**Work request**
Beginning at the top of the entries below, retype each line exactly until the line containing "mit hängendem Kristallanhänger" has been written out; include no pictures and no later lines.

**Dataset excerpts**
-.-.-
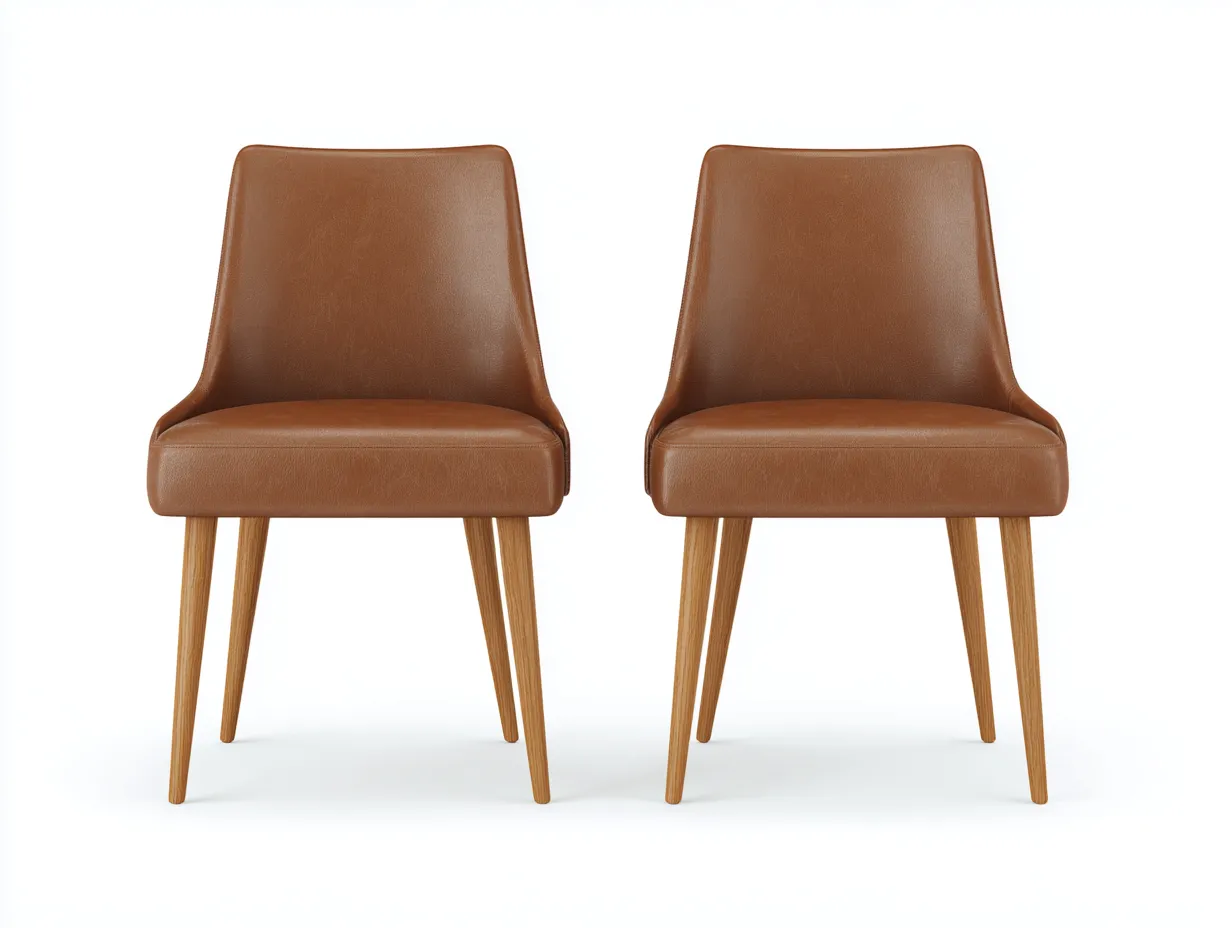 La seduta è rivestita in pelle sintetica marrone con finitura uniforme e resistente all'usura. La base è realizzata in legno, con lavorazione solida e superfici lisce che valorizzano l'aspetto naturale del materiale.
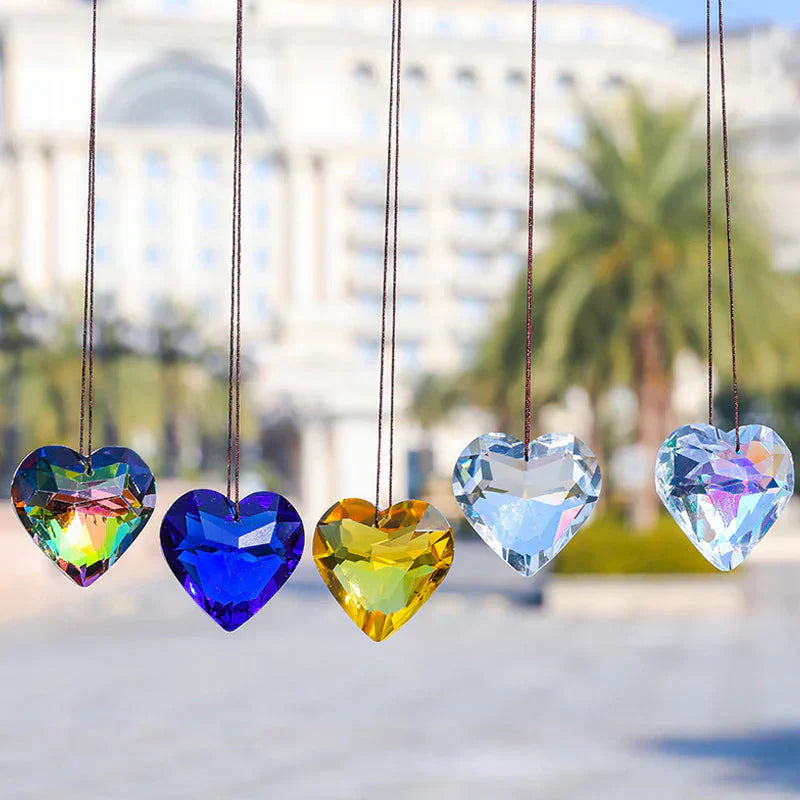• Herzförmiger Sonnenfänger mit hängendem Kristallanhänger
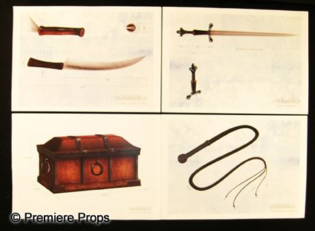 4 pieces of color artwork detailing the design of the following props used in the movie; Lucian's (Michael Sheen) found scythe, Sonja's (Rhona Mitra) dagger, a silver tipped whip, and a heavy box for silver. The edges of the paper are slightly bent. (16.5x11.75 each)
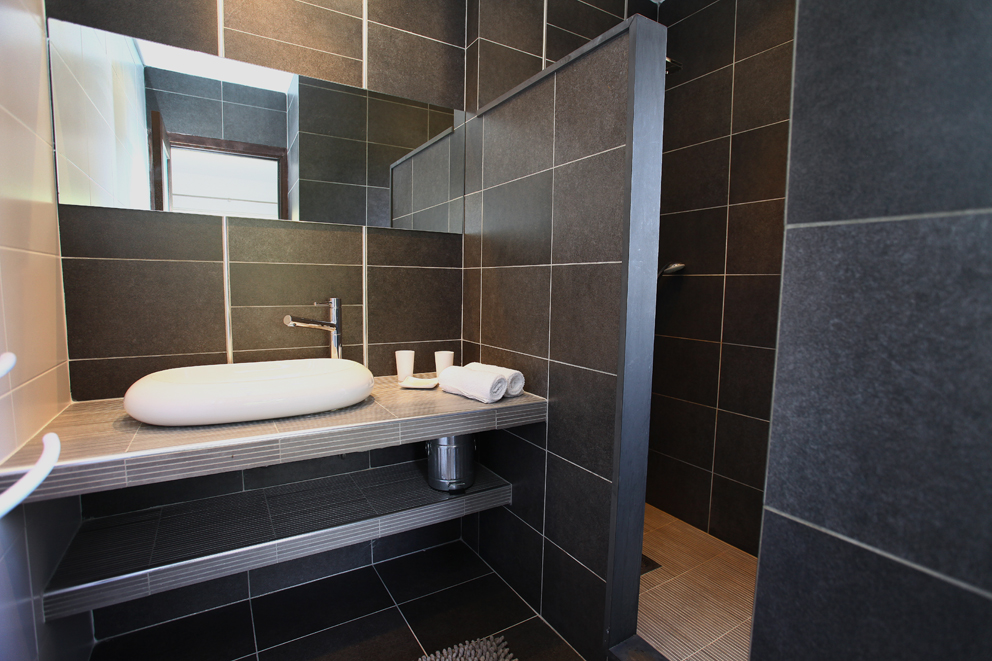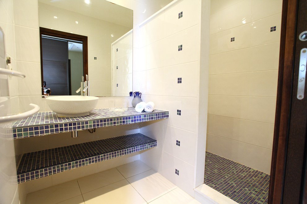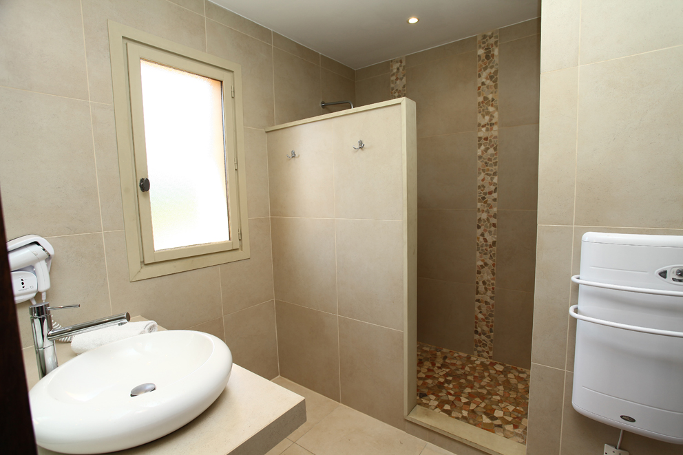 Chambre double avec lit 160, accès terrasse et Salle de bain en suite avec douche, lavabo simple
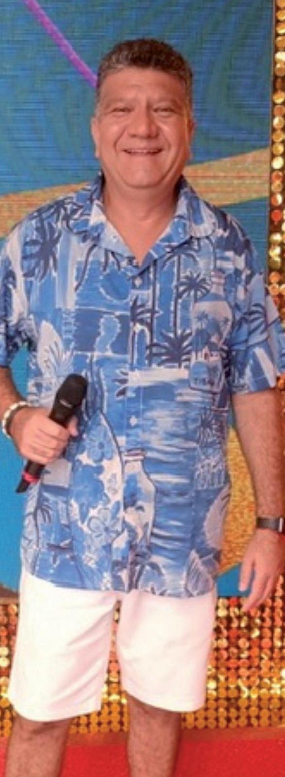 O cantor Manim Vaqueiro usando M. Morena Beachwear durante suas aparições no Carnaval 2026. Acertou demais!
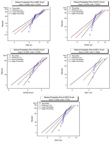 The rainfall events data for both IN and OUT differ from every bioretention. Rainfall events recorded for each bioretention area were as follows: EBF = 43, GEF1 = 15, GEF2 = 33, SCW1 = 31, and SCW2 = 26. These were processed using Weibull probability distribution in OriginPro 2021b software. Each parameter was plotted in which the X and Y-axis showed the actual and predicted cumulative percentage, respectively. A plotted figure for pH for bioretention IN is shown in Figure 3. The upper and lower percentiles were used as a basis of the fuzzified data. The fuzzified rainfall and parameter data were the results of the processed actual values gathered. This novel machine learning method uses software in determining fuzzy values which were used to a greater extent for analyzing systems or applications [21]. The figure shows plotted fuzzy values for pH bioretention IN. The X-axis shows the pH values and the Y-axis represents the Weibull cumulative probability expressed as a percentage. This is the graph result after the fuzzification of data in OriginPro software. The circles represent the percentiles of pH values IN of the different bioretentions. They are referenced with the red line and enclosed by upper and lower percentiles. These percentiles used a 95% confidence band and the results were the basis for the assigning of fuzzy values given the percentile range produced. There were 32 parameters, plus 1 decision rule and 5 bioretentions with 2 events (IN and OUT) having a total of 330 processed tables.
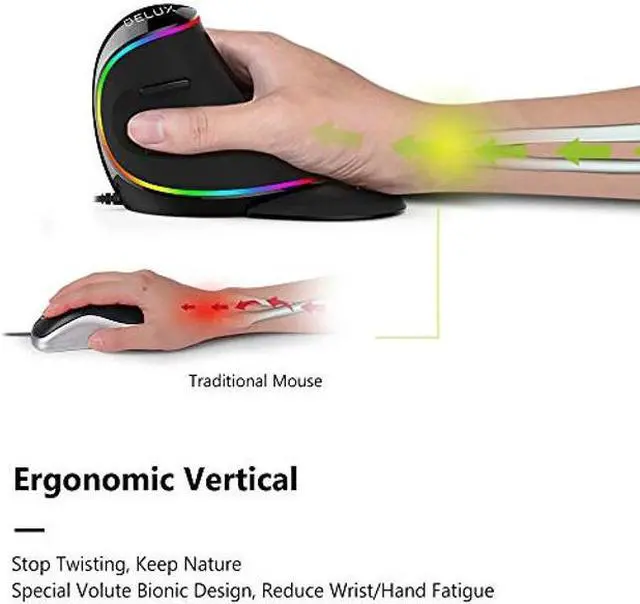 Delux M618Plus RGB Backlight Wired Vertical Mouse Delux M618 Plus RGB is our special product vertical mouse of 5th generation. It apopted ergonomic design, which can alleviate the arm discomfort and stiff feeling, let you say goodbye to "mouse hand".
-.-.-
**Answer to the problem**
 La seduta è rivestita in pelle sintetica marrone con finitura uniforme e resistente all'usura. La base è realizzata in legno, con lavorazione solida e superfici lisce che valorizzano l'aspetto naturale del materiale.
• Herzförmiger Sonnenfänger mit hängendem Kristallanhänger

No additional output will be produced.